TASK DESCRIPTION
In the listing below, find the line with "Роза – 3 шт. Спрей" and copy every line from there up to and including the line with "Stan u prizemlju", exactly and without pictures.

DATA PROVIDED

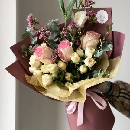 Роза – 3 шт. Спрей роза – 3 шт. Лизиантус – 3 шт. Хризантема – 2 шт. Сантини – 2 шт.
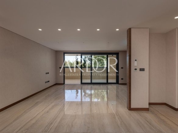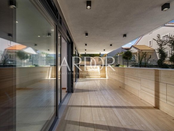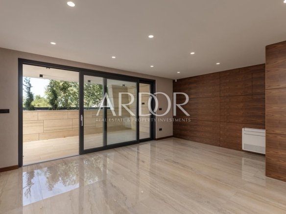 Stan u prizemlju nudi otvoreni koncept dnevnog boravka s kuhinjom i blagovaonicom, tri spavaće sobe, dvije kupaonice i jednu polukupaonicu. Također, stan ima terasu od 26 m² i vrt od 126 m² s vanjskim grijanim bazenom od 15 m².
---
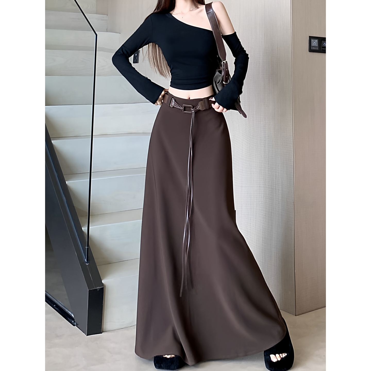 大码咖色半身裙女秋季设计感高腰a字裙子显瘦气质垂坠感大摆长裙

SOLUTION FOR THIS TASK
 Роза – 3 шт. Спрей роза – 3 шт. Лизиантус – 3 шт. Хризантема – 2 шт. Сантини – 2 шт.
 Stan u prizemlju nudi otvoreni koncept dnevnog boravka s kuhinjom i blagovaonicom, tri spavaće sobe, dvije kupaonice i jednu polukupaonicu. Također, stan ima terasu od 26 m² i vrt od 126 m² s vanjskim grijanim bazenom od 15 m².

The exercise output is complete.